BEGIN Source records
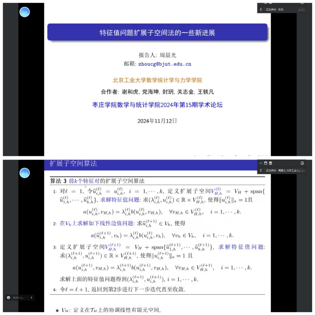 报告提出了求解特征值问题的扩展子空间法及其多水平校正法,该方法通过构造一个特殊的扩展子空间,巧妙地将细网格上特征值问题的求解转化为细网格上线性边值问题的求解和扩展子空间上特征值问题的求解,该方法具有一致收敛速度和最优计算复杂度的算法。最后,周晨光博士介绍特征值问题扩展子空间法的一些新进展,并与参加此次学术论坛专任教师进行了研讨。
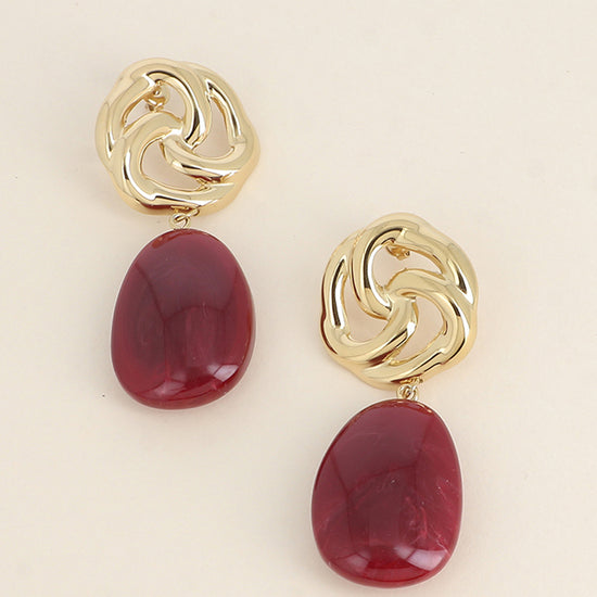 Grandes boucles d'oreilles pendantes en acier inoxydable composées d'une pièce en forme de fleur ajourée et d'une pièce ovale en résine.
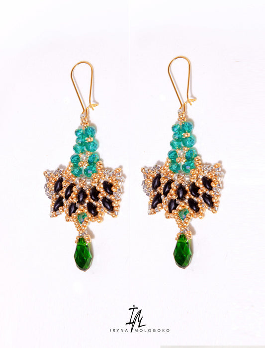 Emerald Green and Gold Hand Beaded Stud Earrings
END Source records
BEGIN Source records
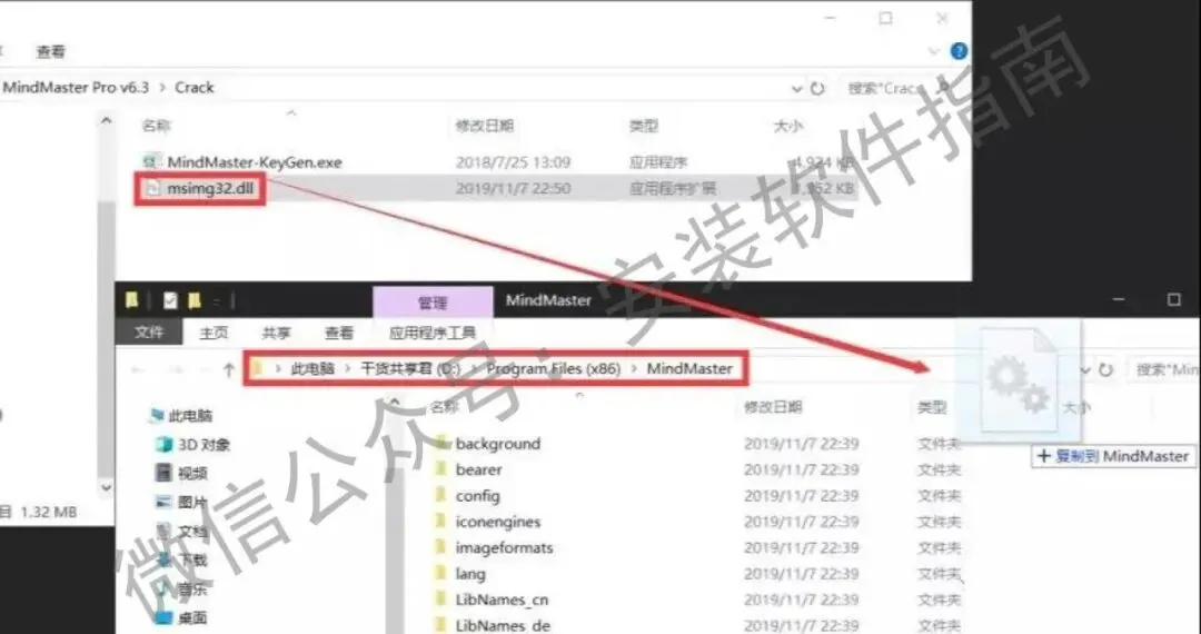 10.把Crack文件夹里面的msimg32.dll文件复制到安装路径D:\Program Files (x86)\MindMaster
END Source records
### The task
Leaving every picture aside, reproduce exactly the lines above from the one with "报告提出了求解特征值问题的扩" up to and including the one with "Emerald Green and", and no others.

### Result below
 报告提出了求解特征值问题的扩展子空间法及其多水平校正法,该方法通过构造一个特殊的扩展子空间,巧妙地将细网格上特征值问题的求解转化为细网格上线性边值问题的求解和扩展子空间上特征值问题的求解,该方法具有一致收敛速度和最优计算复杂度的算法。最后,周晨光博士介绍特征值问题扩展子空间法的一些新进展,并与参加此次学术论坛专任教师进行了研讨。
 Grandes boucles d'oreilles pendantes en acier inoxydable composées d'une pièce en forme de fleur ajourée et d'une pièce ovale en résine.
 Emerald Green and Gold Hand Beaded Stud Earrings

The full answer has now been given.